[Supplied material]
*** Block opens ***
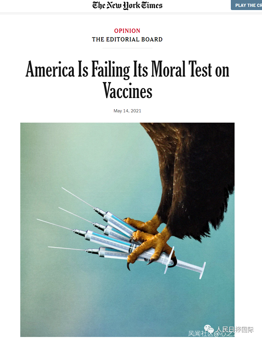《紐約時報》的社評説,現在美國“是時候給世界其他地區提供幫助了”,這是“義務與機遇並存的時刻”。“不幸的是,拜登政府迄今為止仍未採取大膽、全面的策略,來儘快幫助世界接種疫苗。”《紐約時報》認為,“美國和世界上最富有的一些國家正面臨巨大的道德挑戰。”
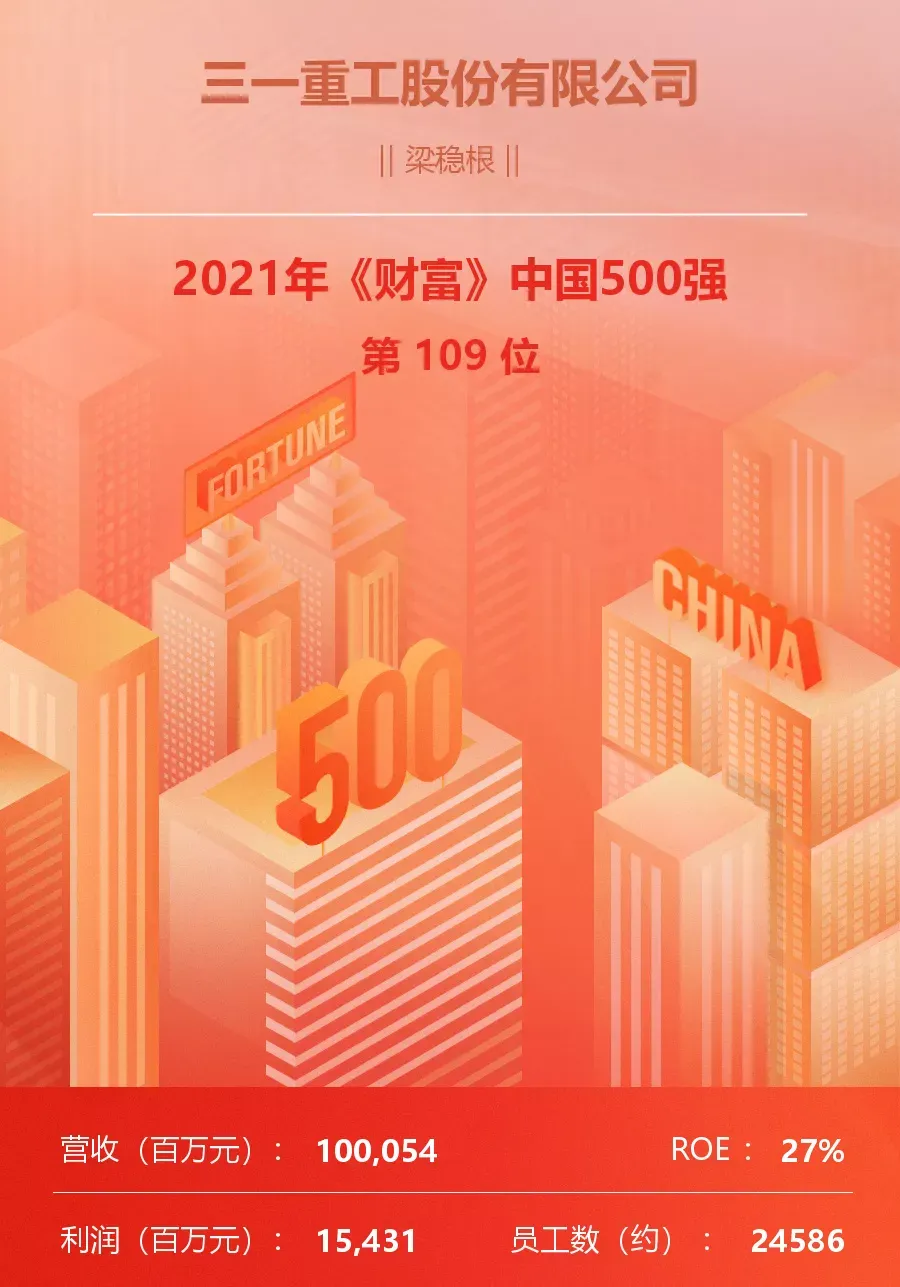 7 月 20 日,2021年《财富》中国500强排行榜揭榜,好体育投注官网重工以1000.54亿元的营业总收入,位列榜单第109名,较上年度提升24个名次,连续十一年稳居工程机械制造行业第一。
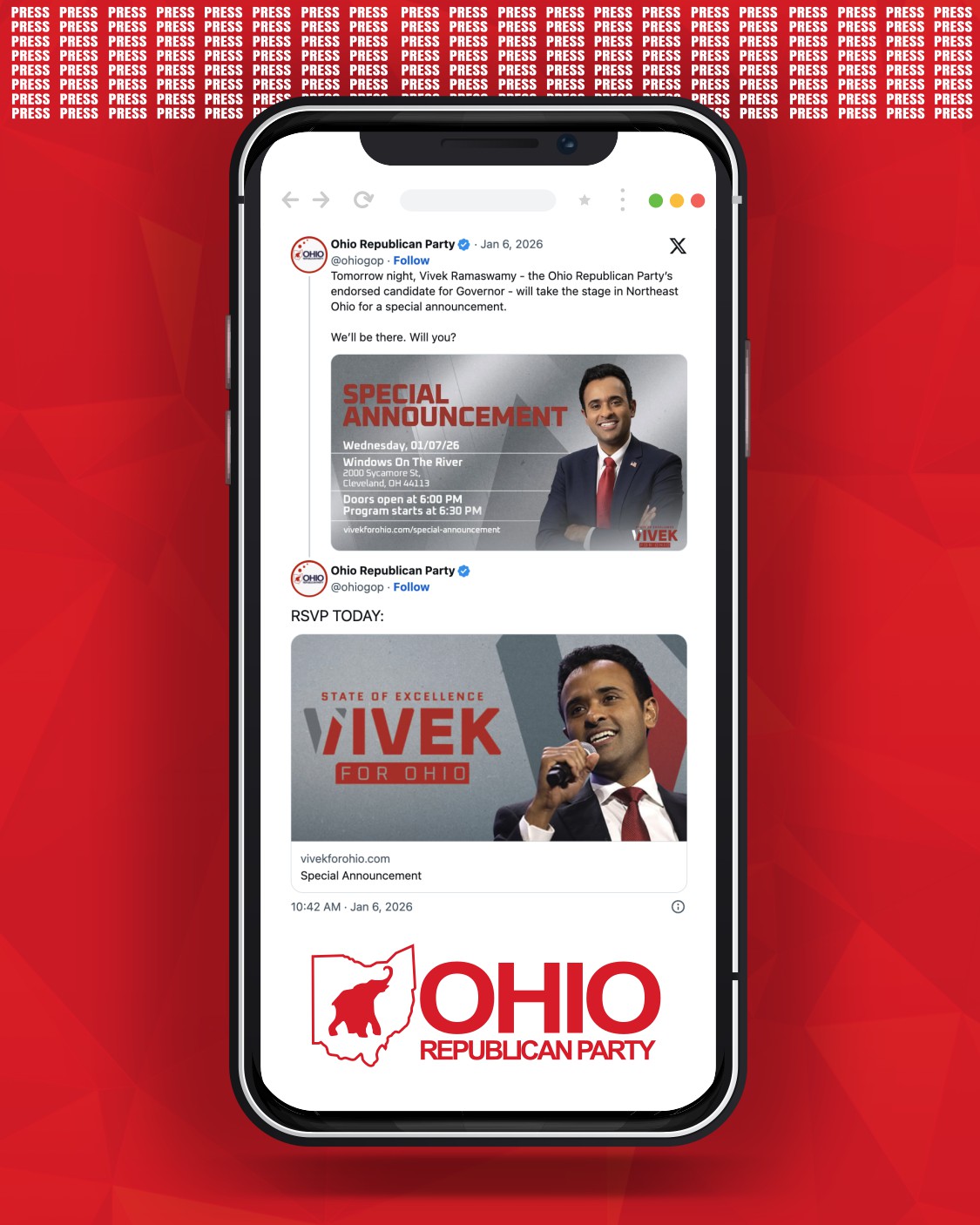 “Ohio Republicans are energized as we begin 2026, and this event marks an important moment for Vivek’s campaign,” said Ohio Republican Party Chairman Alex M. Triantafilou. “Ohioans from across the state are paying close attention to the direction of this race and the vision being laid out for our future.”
*** Block closes ***
[Task goal]
Everything in the data except the pictures must be transcribed exactly.

[The completed task]
《紐約時報》的社評説,現在美國“是時候給世界其他地區提供幫助了”,這是“義務與機遇並存的時刻”。“不幸的是,拜登政府迄今為止仍未採取大膽、全面的策略,來儘快幫助世界接種疫苗。”《紐約時報》認為,“美國和世界上最富有的一些國家正面臨巨大的道德挑戰。”
 7 月 20 日,2021年《财富》中国500强排行榜揭榜,好体育投注官网重工以1000.54亿元的营业总收入,位列榜单第109名,较上年度提升24个名次,连续十一年稳居工程机械制造行业第一。
 “Ohio Republicans are energized as we begin 2026, and this event marks an important moment for Vivek’s campaign,” said Ohio Republican Party Chairman Alex M. Triantafilou. “Ohioans from across the state are paying close attention to the direction of this race and the vision being laid out for our future.”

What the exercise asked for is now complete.